The Federal Government through the Ministry of Power has acknowledged the organised Labour request for a reduction in electric tariff.

The Nigeria Labour Congress (NLC) and Trade Union Congress (TUC) had picketed offices of the National Electricity Regulatory Commission (NERC) and Distribution Companies nationwide over the hike in electricity tariff.

The unions had described the upward review, demanding outright cancellation.

Addressing State House correspondents after the Federal Executive Council (FEC) meeting on Tuesday, Minister of Power, Adebayo Adelabu, said labour had the right to protest.

“We cannot stop them from organizing peaceful protest or laying down their demands. Let me make that clear. President Bola Tinubu’s administration is also a listening government.”

“We have heard their demands, we’re going to look at it, we’ll make further engagements and I believe we’re going to reach a peaceful resolution with the labor because no government can succeed without the cooperation, collaboration and partnership with the Labour unions. So we welcome the peaceful protest and I’m happy that it was not a violent protest. They’ve made their positions known and government has taken in their demands and we’re looking at it.

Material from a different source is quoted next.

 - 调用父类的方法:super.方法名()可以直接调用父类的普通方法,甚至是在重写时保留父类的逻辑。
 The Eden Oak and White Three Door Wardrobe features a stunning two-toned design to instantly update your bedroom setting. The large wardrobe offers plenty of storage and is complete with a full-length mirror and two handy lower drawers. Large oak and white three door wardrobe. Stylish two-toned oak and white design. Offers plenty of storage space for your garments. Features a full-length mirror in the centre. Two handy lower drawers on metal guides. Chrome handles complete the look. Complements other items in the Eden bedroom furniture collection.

“But one thing that I want to state here is from the statistics of those affected by the hike in tariff, the people on the road yesterday, who embarked on the peaceful protests, more than 95% of them are not affected by the increase in the tariff of electricity. They still enjoy almost 70% government subsidy in the tariff they pay because the average costs of generating, transmitting and distributing electricity is not less than N180 today.

“A lot of them are paying below N60 so they still enjoy government’s subsidy. So when they say we should reverse the recently increased tariff, sincerely it’s not affecting them. That’s one position.

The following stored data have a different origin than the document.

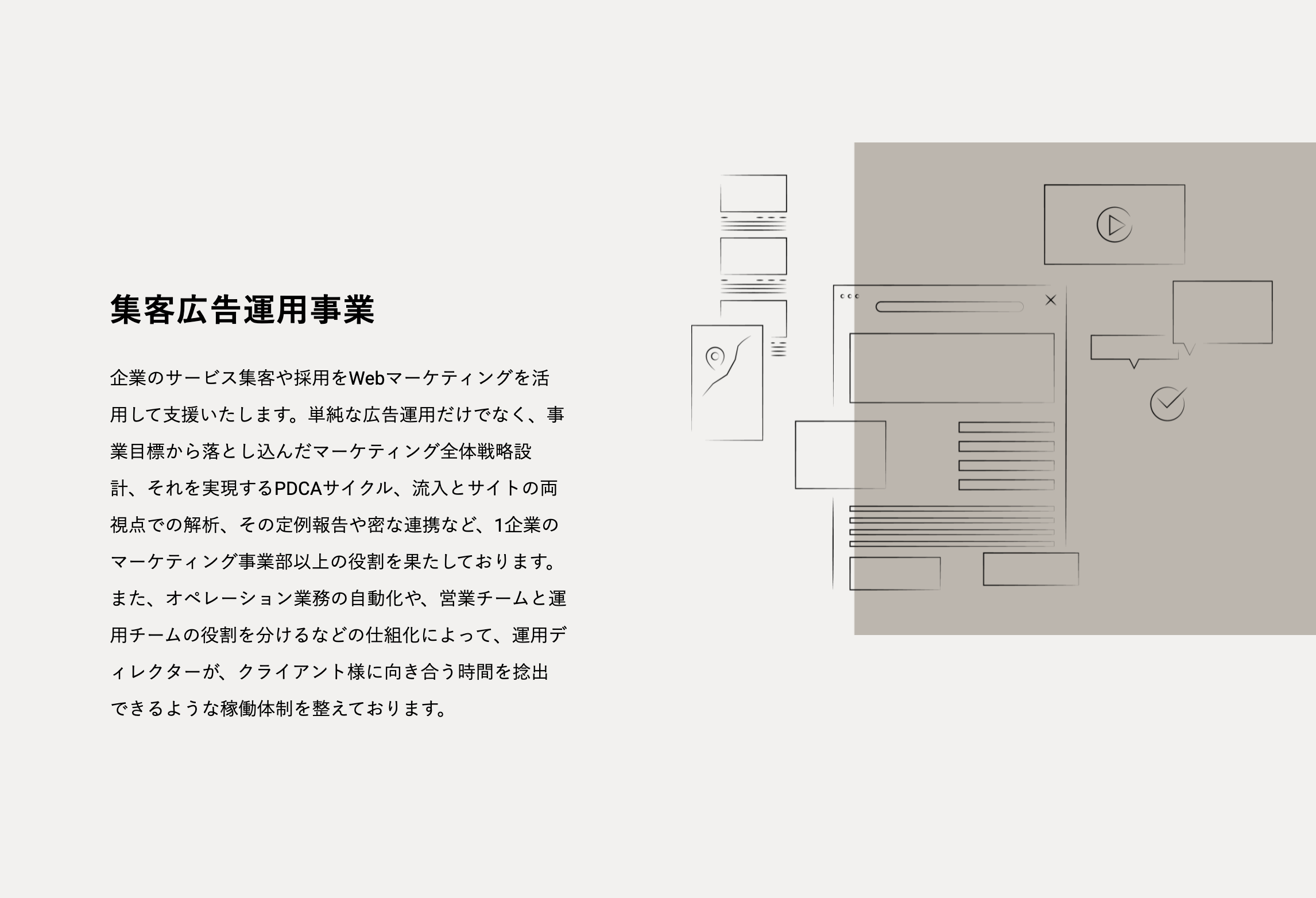 NoSHAPEの集客広告事業の最大の特徴は「媒体費に変動しない手数料定額制モデル」であることです。広告運用にかける工数ベースで手数料を設定しており、広告出稿にかかる媒体費に依存しない広告運用を実行します。
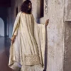 Bottom: Ivory coloured dhaka pajama constructed from russian grip silk features a striking crushed finish.
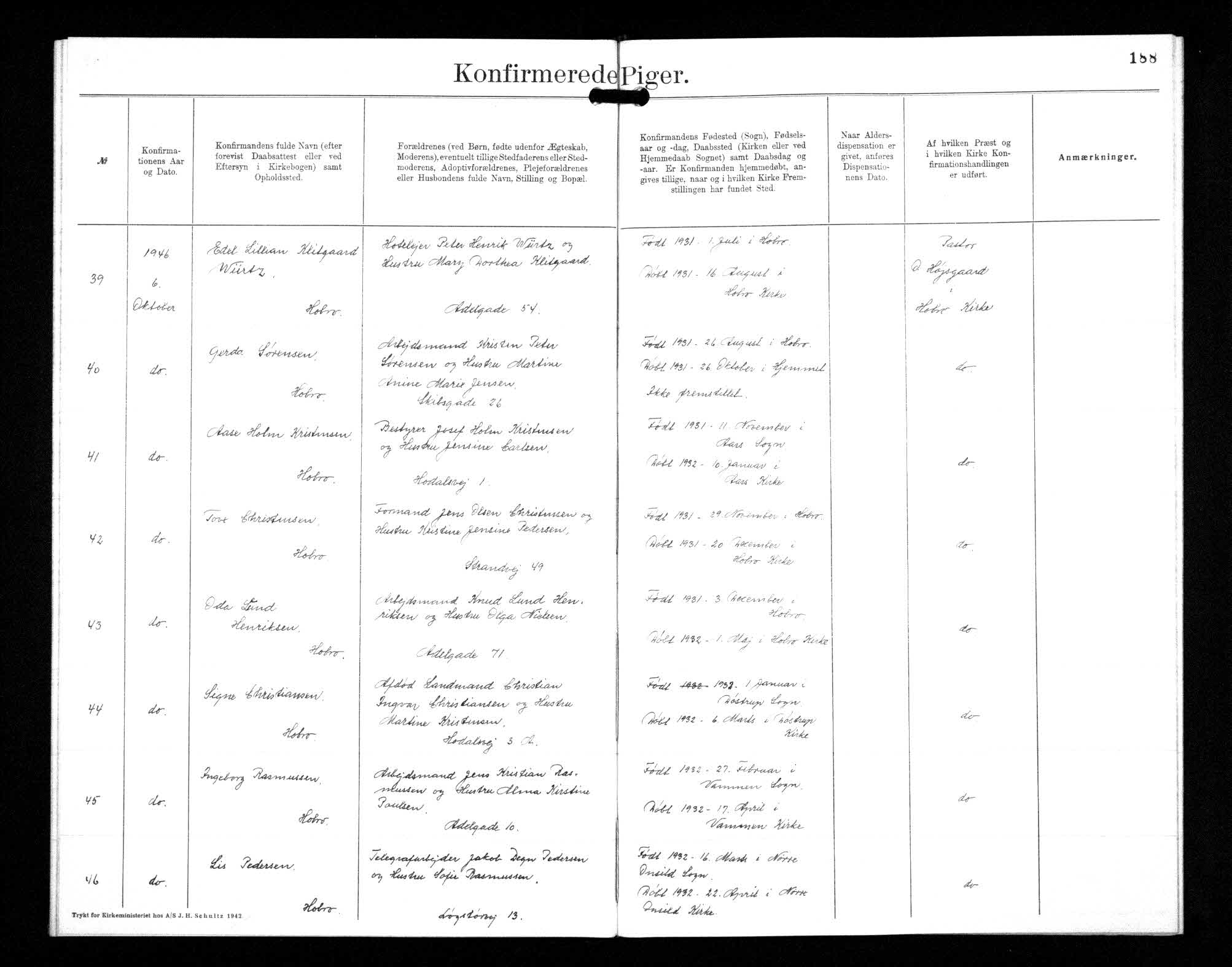 Hobro Købstads Sogn, Kontraministerialbog 1944 FKVD - 1946 FKVD, side 188, 19461006, Udarb. dato: 19 okt. 2018. Troværdighed: 4.
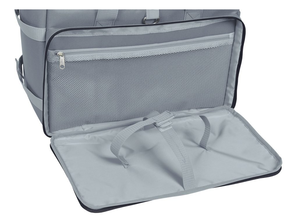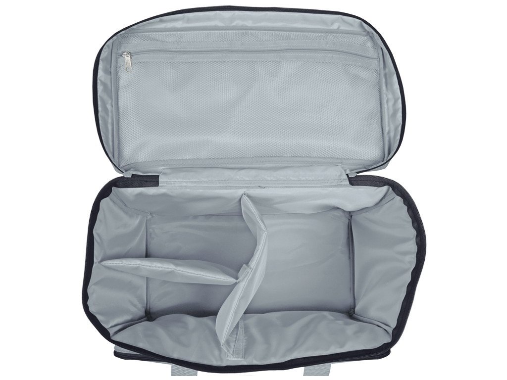 S organizérem můžete konečně ukládat veškeré doplňky pro domácí mazlíčky na jednom místě. Uvnitř tašky jsou nastavitelné rozdělovače s kapsou ze síťoviny a popruhy pro připevnění misky vpředu. Na boku je popruh pro připevnění deky o velikosti až 100 x 80 cm a přihrádka vzadu např. na doklady.
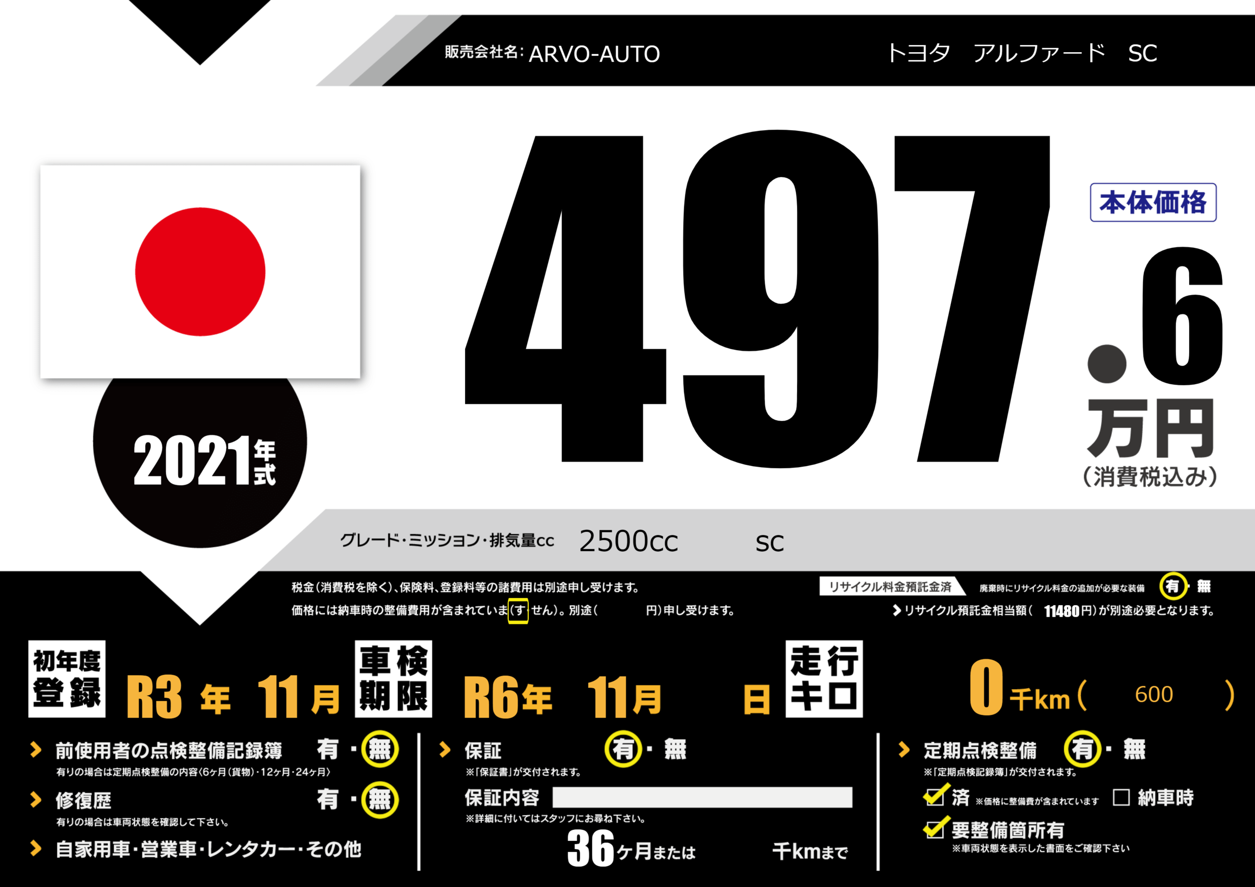 | 走行キロ | - | 初年度登録 | R3年11月 |
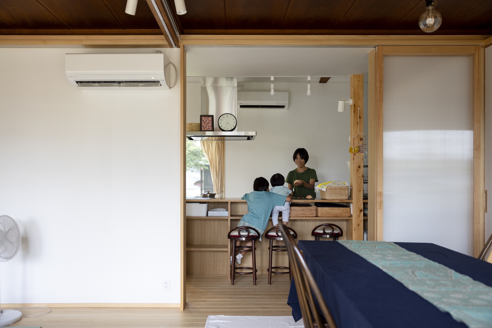 また、かつての和室二間の壁を取り払い、縁側までひと続きにしたフロアへと刷新。家族が自然と集まり、思い思いの時間を過ごせる場が生まれた。「床材には、香川県産ひのきを使っているんです」と祥乃さん。足元からふわりと香る木のぬくもりが、日々の暮らしを静かに支えている。
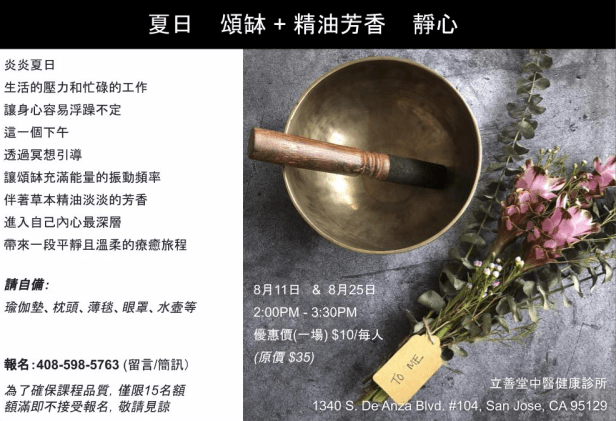 南灣做團體頌缽音療的地方不是很多, 但需求似乎不小, 不想去舊金山的人很多, 所以週日我在中醫診所的大廳所做的團體頌缽音療來了17位 (四位亞裔), 還有14位在候補名單上.

“My appeal again is that they should please not derail or distract our transformation plan for the industry. We have a clearly documented reform roadmap to take us to our desired destination, where we’re going to have reliable, functional, cost-effective and affordable electricity in Nigeria. It cannot be achieved overnight because this is a decay of almost 60 years, which we are trying to correct.”

He said there was the need for sacrifice from everybody, “from the government’s side, from the people’s side, from the private sector side. So we must bear this sacrifice for us to have a permanent gain”.

“I don’t want us to go back to the situation we were in February and March, where we had very low generation. We all felt the impact of this whereby electricity supply was very low and every household, every company, every institution, felt it. From the little reform that we’ve embarked upon since the beginning of April, we have seen the impact that electricity has improved and it can only get better.”